Павлик молча закурил, вызвавши из своего «ронсона» мощную струю огня.
— Не отвечаешь, — констатировал Евген Макарович. — А хочешь, я тебе разобъясню, где лежит причина твоей, как сказать, метаморфозы? Ежели сам не догадываешься своей умнющей головой. Независимый ты. Непокорный. С начальством не стараешься ладить. Правду воюешь — да не для себя, это б еще полбеды, — а для других. Покуда ты краном ворочал — кто тебе что сделать мог? Никто, поскольку терять тебе было нечего, да и прицепиться трудно: отвечал ты только за себя, а процент давал выше всех. С той же, как сказать, исторической секунды, как стал ты стивидором, руководителем трудящихся масс и определенного тебе участка нашего общего дела, — с той самой секунды стал ты уязвим, сынок, и беззащитен. И никакой местком тебя уберечь не в компетенции. Поскольку из профсоюзной его, как сказать, юрисдикции ты выбыл, как только впал в руководящее состояние. А начальство твое — оно на память пожаловаться не может. Склерозу у твоего начальства нема и в помине. И все твои штучки-дрючки против сверхурочных и с критикой снизу невзирая на лица, все твои выкидоны с закидонами эти самые начальственные лица преотлично помнят. И, уцепившись за повод, который ты им самолично протянул, показали тебе, что помнят. Показали, как сказать, весомо, грубо и, некоторым, сынок, образом, зримо, что другому спустили б, слегка погладив против шерстки, — тебе за это выдали сполна и даже через край. Так? Так. — Евген Макарович не без злорадности хохотнул, хотя глаза его по-прежнему ласково скользили по нарядной публике. — И заруби, сынок, себе на своем римском носу: это еще цветочки, а, как сказать, ягодки — впереди. Поскольку никто никогда не забудет тебе непокорства и горлопанства-критиканства. Не будет тебе дороги, которая для молодых и про которую в песне поется. Всякие человечишки, каковые тебе в подметки не годятся, будут всю жизнь тебя обскакивать, самый сладкий, самый, как сказать, жирный кус урывать — потому как на устах у них для начальства улыбка, а в сердце — ему же благоразумность и уважение. И так с тобой будет до самого почета — то бишь до самой старости, про которую опять же очень выразительно поется в песне, сочиненной бодрым композитором Дунаевским.

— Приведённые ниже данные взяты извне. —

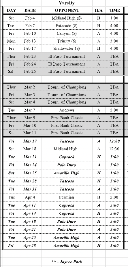 Amarillo Caprock Longhorns 0 0 0 0 0
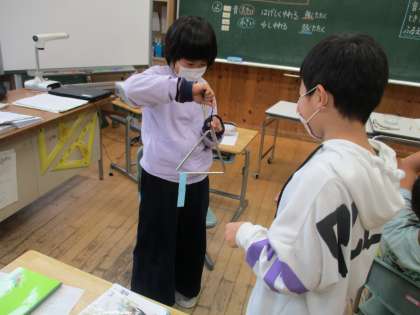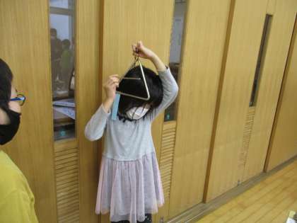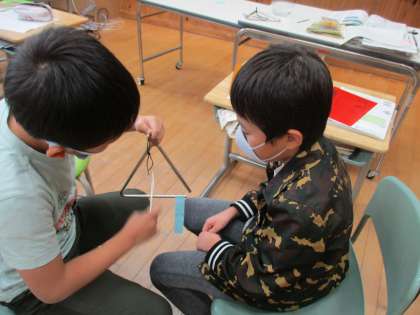 理科の学習で、音が出ているとき、楽器はふるえていることを発見しました。今度は、音の大きさによってふるえ方が変わるのか実験して調べました。トライアングルにつけた付箋のふるえ方を見たり、さわったりしました。目と耳を使ってよく観察していたので、付箋からビリビリと音がすることも発見しました。

Евген Макарович Пивторак выжидательно помолчал, вроде бы приглашая Павлика поспорить или просто высказаться. Но Павлик тоже молчал, покуривая сигаретку, держа ее двумя пальцами горящим концом в кулак, словно курил не в театральном фойе, а на ветру, на корабельной палубе над разверстым люком трюма.
— Чего молчишь, сынок? — снова заговорил Пивторак. — Небось думаешь: вот старый сукин сын, уговаривает меня, передового молодого советского человека, отбросить свои, как сказать, благородные принципы да стать нехорошим и приспособленцем. Так? Вижу, вижу, что так! Ан нет, сынок! Не такой человек Евген Пивторак, чтобы сбивать тебя с панталыку, спихивать с прямой, как сказать, но ухабистой тропинки на гладкий асфальтобетон вихляющей, как сказать, карьерной шоссейки. Не такой, поскольку старик Пивторак более всего на свете уважает твердые убеждения. А потому и ведет с тобой этот нелегкий разговор.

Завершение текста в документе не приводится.